On 16 July 2005, the 507th Maintenance Company was redesignated as Battery E, 5th Battalion, 52d Air Defense Artillery Regiment. In 2006, A monument to the 507th Maintenance Company was placed within the battalion's area on Fort Bliss, Texas. In January 2007, the unit's designation was changed to Battery F.

==Overview==
The 507th Maintenance Company provided maintenance support to 5th Battalion, 52nd Air Defense Artillery, a Patriot missile unit based at Fort Bliss, Texas. Previously, it was assigned to 2d Battalion, 7th Air Defense Artillery, 11th Air Defense Artillery Brigade, another Patriot missile unit at Fort Bliss which played a major support role in the Persian Gulf War. During its Iraq deployment in 2003, the 507th was attached to 31st Air Defense Artillery Brigade.

==History==
===2003: Iraq War===
====The Battle of Nasiriyah====

A trail vehicle convoy element of this unit was ambushed during the rapid advance towards Baghdad during Operation Iraqi Freedom on 23 March 2003. The 507th was last in a march column of over 600 vehicles from the 3rd Infantry Division. This element which included the heavier, slower vehicles of the 507th, made a wrong turn into Nasiriyah, a major crossing point over the Euphrates River northwest of Basra. A U.S. Army investigation concluded that this wrong turn was the result of a navigational error compounded by a lack of rest, limited communications and human error.

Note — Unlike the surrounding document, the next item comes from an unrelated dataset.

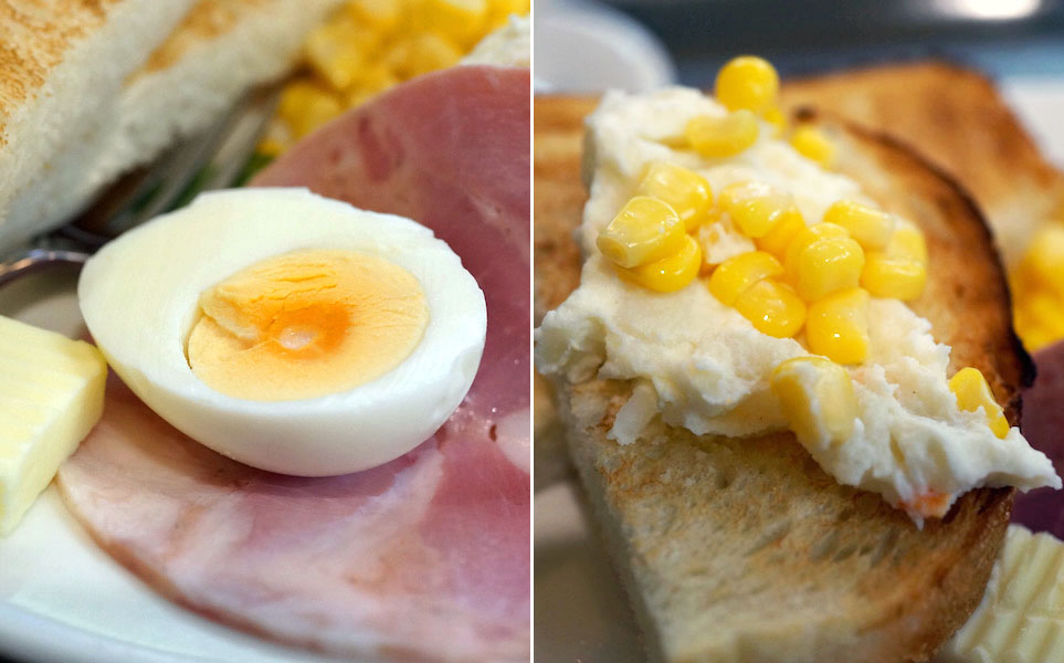 カサッと軽いトーストにポテトサラダに茹で卵。スイートコーンにハムにバターにほんの少しのマヨネーズ。

=====Killed in action=====
The following soldiers of the 507th Maintenance Company were killed in action:

| Name | Rank | Age | Hometown | Notes |
|---|---|---|---|---|
| Jamaal R. Addison | Specialist | 22 | Roswell, Georgia |  |
| Robert J. Dowdy | First sergeant | 38 | Cleveland, Ohio | First sergeant of the 507th Maintenance Company. |
| Ruben Estrella-Soto | Private | 18 | El Paso, Texas |  |
| Howard Johnson II | Private first class | 21 | Mobile, Alabama | The first combat death from Alabama during Operation Iraqi Freedom. Posthumously awarded the Bronze Star and the Purple Heart. |
| James M. Kiehl | Specialist | 22 | Comfort, Texas | During the ambush, James Kiehl manned his vehicle's Squad Automatic Weapon (SAW) and did his duty to defend his unit, but was mortally injured. Posthumously awarded the Bronze Star Medal and the Purple Heart. |
| Johnny Villareal Mata | Chief warrant officer | 35 | Pecos, Texas |  |
| Lori Piestewa | Private first class | 23 | Tuba City, Arizona | Captured alive, but succumbed to her injuries. The first Native American woman in history to die in combat while serving with the U.S. military. Posthumously awarded a Purple Heart and a Prisoner of War Medal. |
| Brandon Sloan | Private | 19 | Bedford Heights, Ohio |  |
| Donald Walters | Sergeant | 33 | Kansas City, Missouri | Captured alive, but later summarily executed. Posthumously awarded the Purple Heart and the Silver Star for gallantry with marked distinction. |

Two soldiers from the 3rd Forward Support Battalion of the 3rd Infantry Division, Specialist Edward J. Anguiano, 24, of Brownsville, Texas, and Sergeant George Edward Buggs, 31, of Barnwell, South Carolina, were also killed in action with the 507th Maintenance Company after falling back in the column to assist the 507th with vehicle recovery.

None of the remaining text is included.